(Beginning of Data provided)

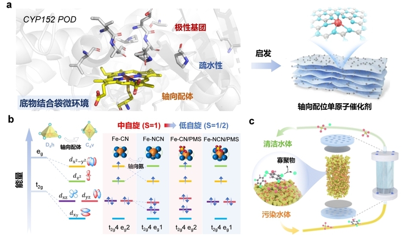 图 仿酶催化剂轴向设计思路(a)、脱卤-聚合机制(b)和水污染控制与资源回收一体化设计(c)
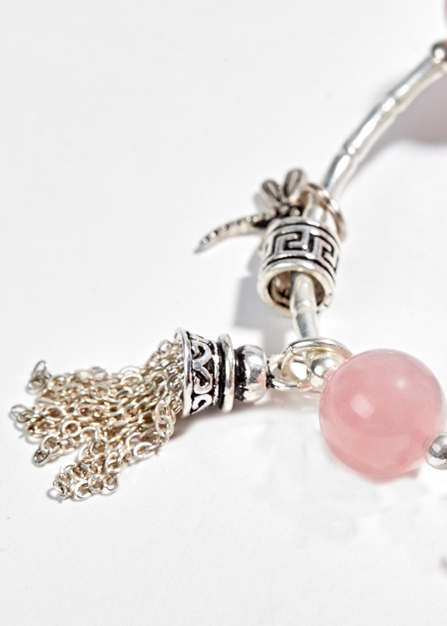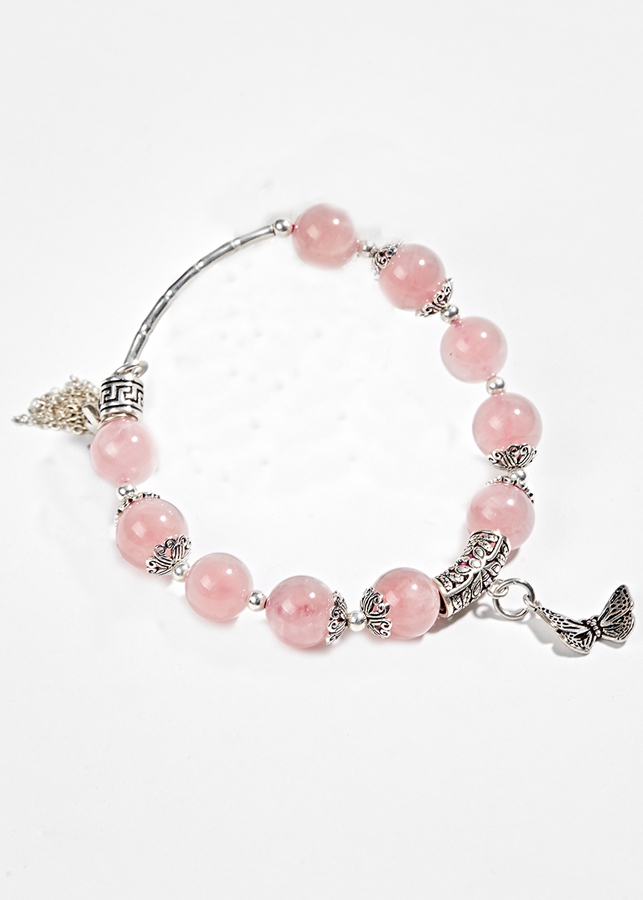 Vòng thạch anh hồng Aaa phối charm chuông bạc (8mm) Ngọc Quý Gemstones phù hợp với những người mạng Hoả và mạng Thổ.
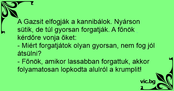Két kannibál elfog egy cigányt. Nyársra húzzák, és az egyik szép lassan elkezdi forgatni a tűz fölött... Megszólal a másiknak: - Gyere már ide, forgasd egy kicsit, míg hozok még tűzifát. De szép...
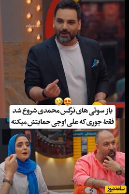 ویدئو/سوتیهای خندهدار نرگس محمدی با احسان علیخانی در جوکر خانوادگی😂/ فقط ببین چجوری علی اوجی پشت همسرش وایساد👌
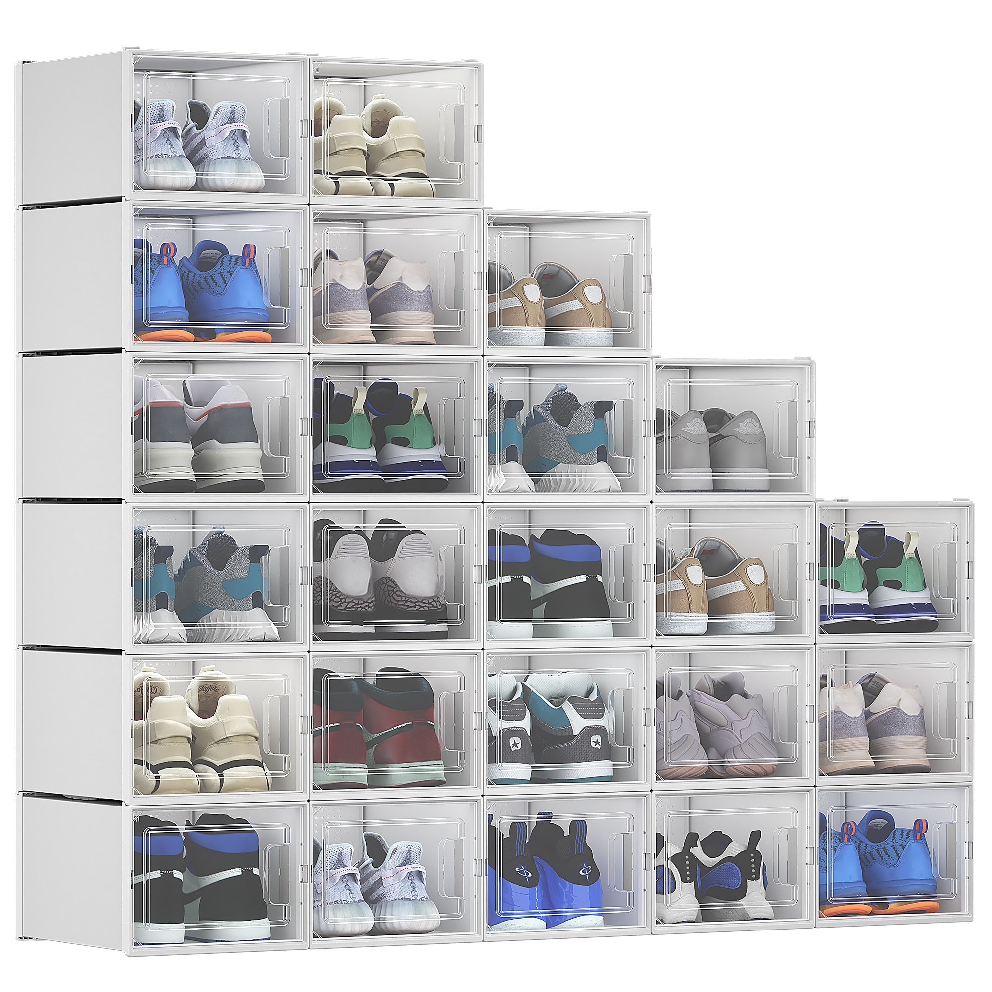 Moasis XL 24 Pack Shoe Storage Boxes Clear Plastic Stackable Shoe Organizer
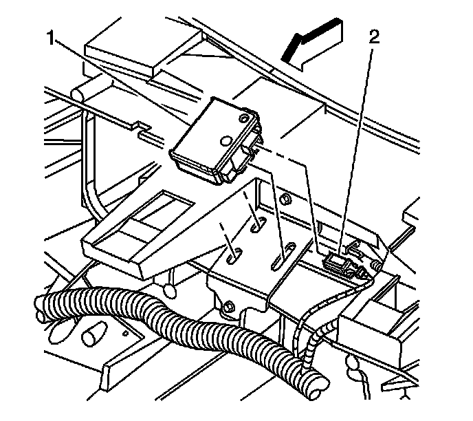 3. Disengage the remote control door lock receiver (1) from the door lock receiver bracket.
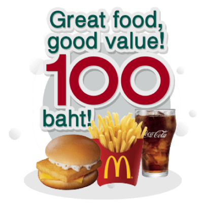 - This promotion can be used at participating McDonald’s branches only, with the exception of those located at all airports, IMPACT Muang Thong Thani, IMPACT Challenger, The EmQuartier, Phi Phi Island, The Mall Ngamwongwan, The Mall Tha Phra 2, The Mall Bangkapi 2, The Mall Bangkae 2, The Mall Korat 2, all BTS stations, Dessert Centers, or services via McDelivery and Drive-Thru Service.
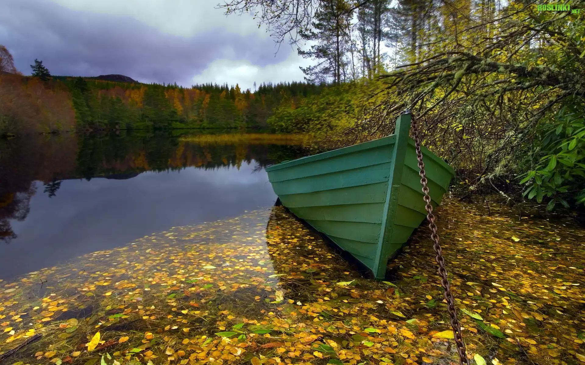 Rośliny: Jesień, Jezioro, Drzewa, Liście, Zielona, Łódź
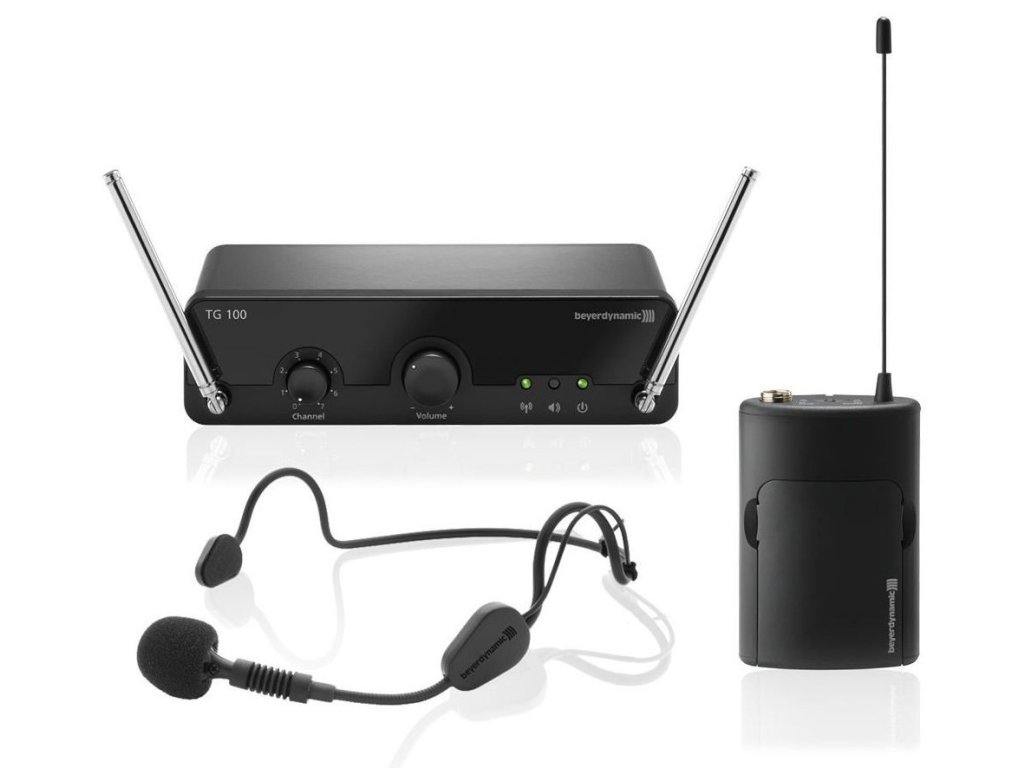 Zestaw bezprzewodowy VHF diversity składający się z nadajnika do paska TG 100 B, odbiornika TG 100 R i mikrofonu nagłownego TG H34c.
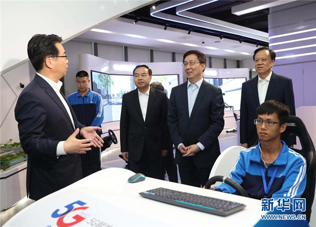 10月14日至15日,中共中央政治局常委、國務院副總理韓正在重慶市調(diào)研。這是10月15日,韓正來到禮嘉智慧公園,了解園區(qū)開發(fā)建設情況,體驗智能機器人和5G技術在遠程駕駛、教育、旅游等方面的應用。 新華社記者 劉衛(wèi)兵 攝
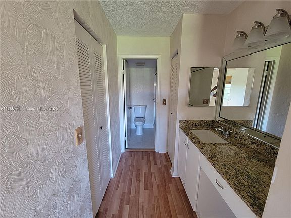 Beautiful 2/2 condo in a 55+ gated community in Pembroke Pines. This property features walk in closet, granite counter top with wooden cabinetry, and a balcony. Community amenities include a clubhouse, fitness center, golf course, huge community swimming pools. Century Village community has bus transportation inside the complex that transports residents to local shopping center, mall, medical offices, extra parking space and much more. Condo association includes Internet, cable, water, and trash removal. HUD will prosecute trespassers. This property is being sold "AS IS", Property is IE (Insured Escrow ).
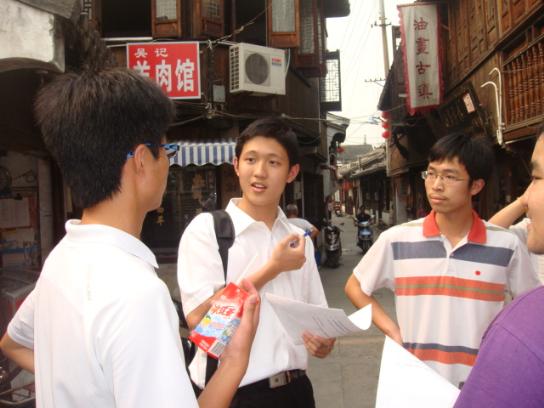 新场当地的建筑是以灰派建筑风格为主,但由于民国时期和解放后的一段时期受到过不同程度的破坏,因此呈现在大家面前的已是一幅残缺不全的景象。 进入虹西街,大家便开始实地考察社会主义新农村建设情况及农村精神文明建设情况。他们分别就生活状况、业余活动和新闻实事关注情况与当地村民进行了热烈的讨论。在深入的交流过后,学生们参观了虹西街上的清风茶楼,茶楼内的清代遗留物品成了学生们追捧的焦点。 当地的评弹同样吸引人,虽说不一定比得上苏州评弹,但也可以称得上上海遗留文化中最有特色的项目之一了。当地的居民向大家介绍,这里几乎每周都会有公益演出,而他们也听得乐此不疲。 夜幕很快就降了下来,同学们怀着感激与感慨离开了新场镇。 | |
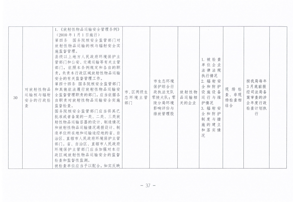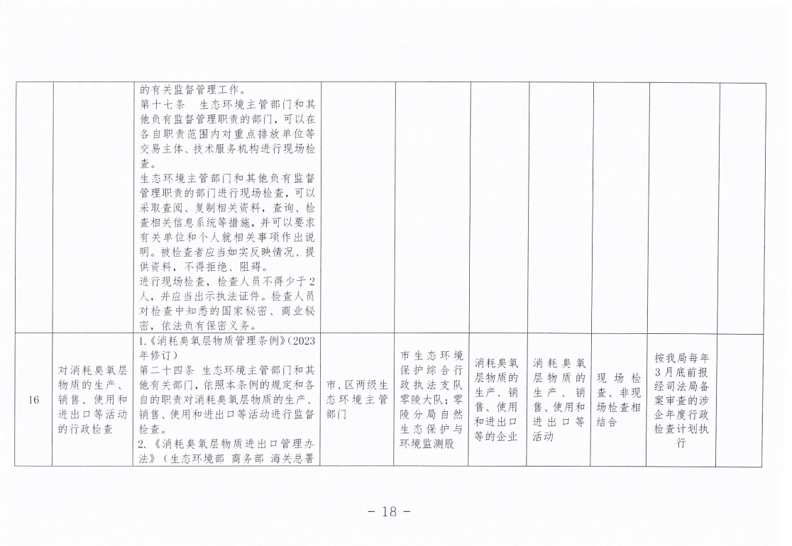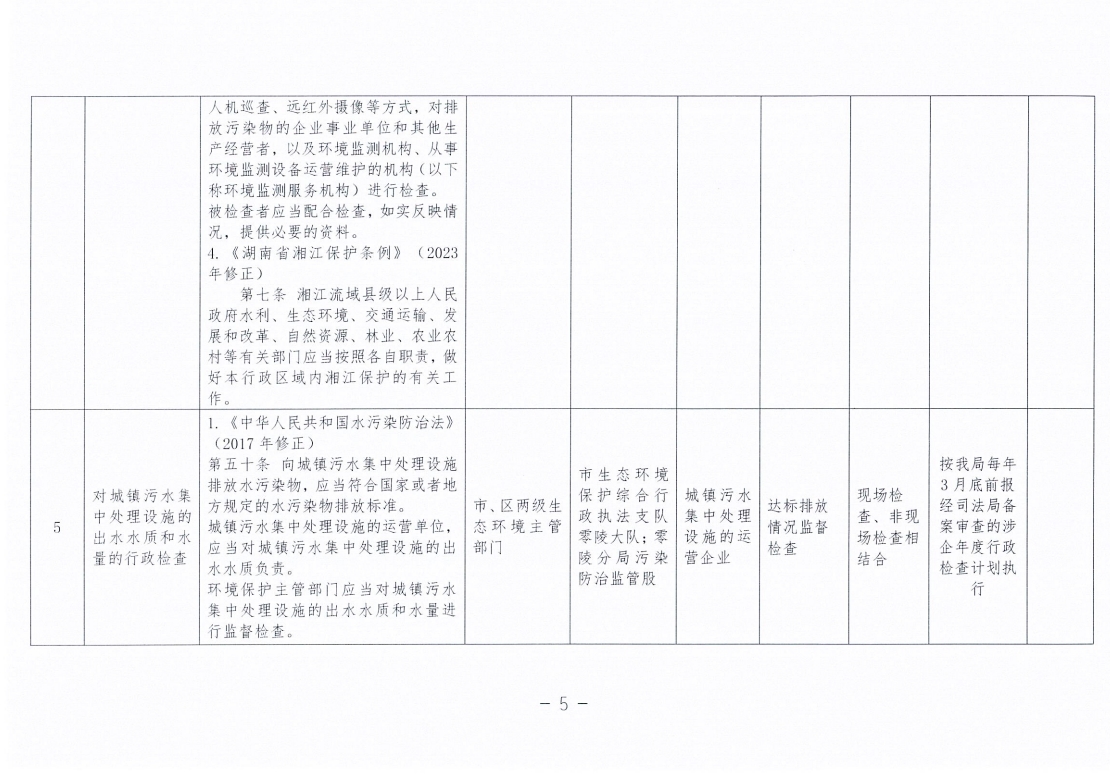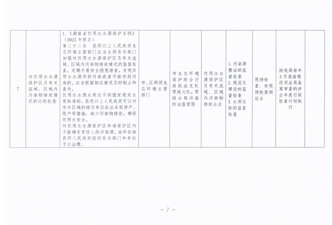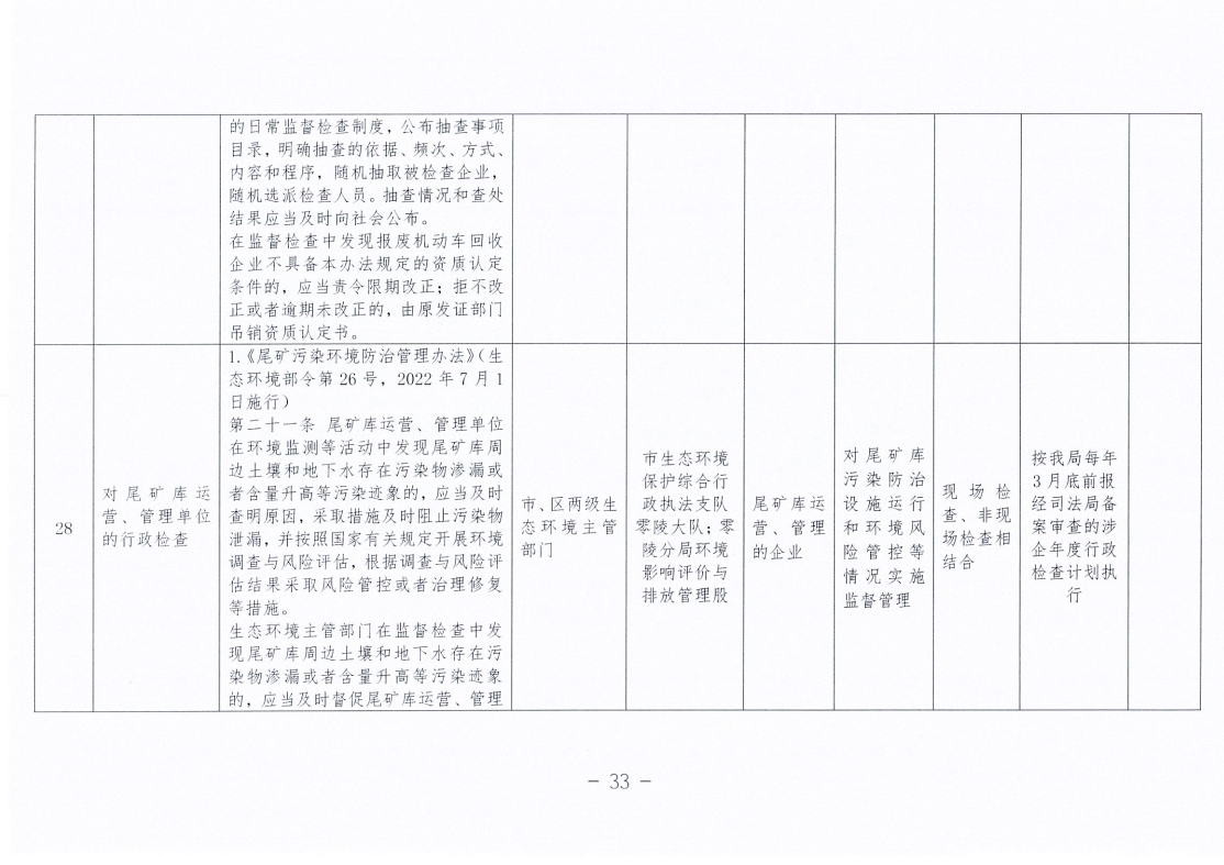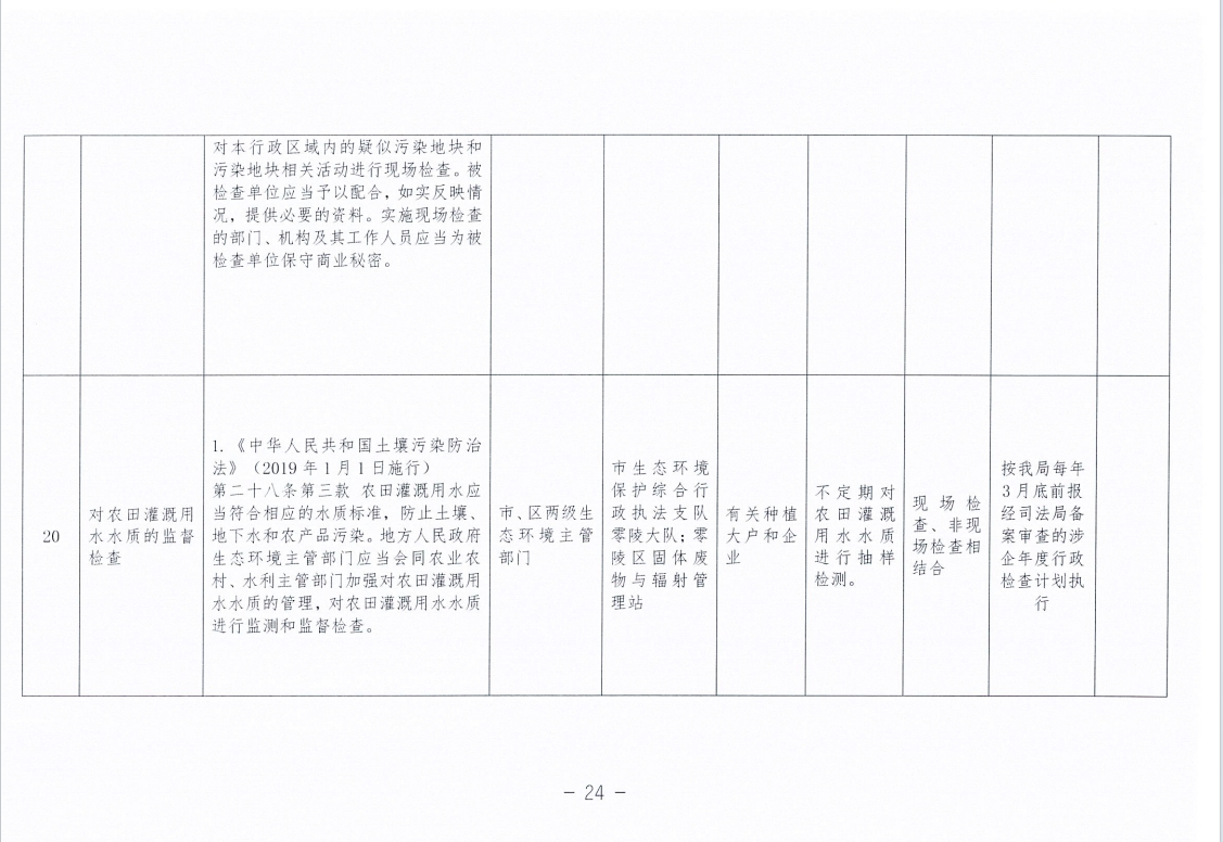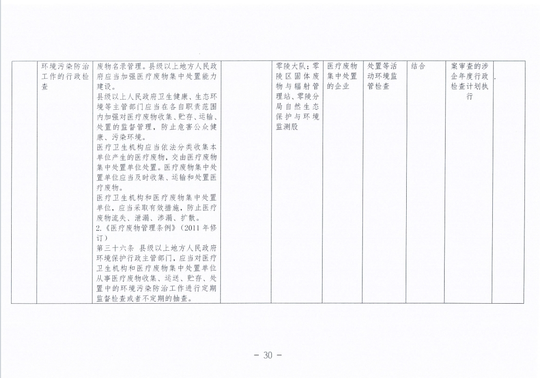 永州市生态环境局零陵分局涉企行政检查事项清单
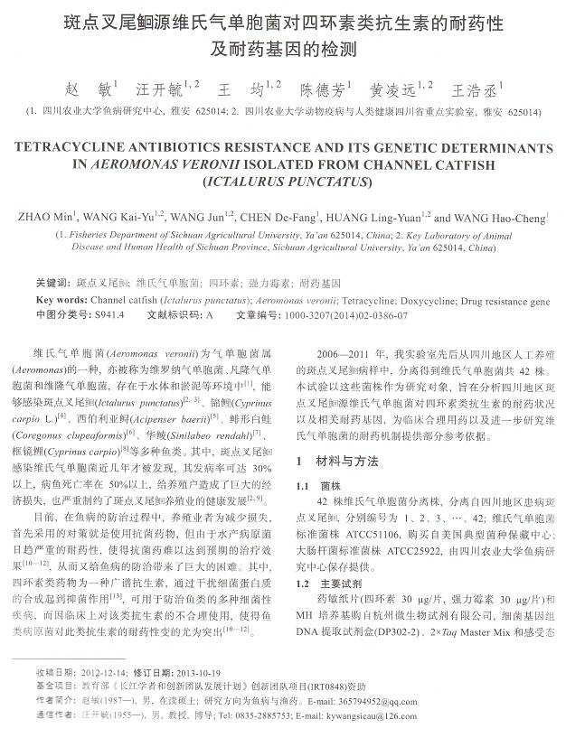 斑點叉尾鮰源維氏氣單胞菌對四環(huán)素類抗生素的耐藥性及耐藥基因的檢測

(End of Data provided)

= Task to carry out =
Look above for the line containing "永州市生态环境局零陵分局涉企行政检查事项清单"; output that line and all lines after it through the last one exactly, without the pictures.

= Result below =
 永州市生态环境局零陵分局涉企行政检查事项清单
 斑點叉尾鮰源維氏氣單胞菌對四環(huán)素類抗生素的耐藥性及耐藥基因的檢測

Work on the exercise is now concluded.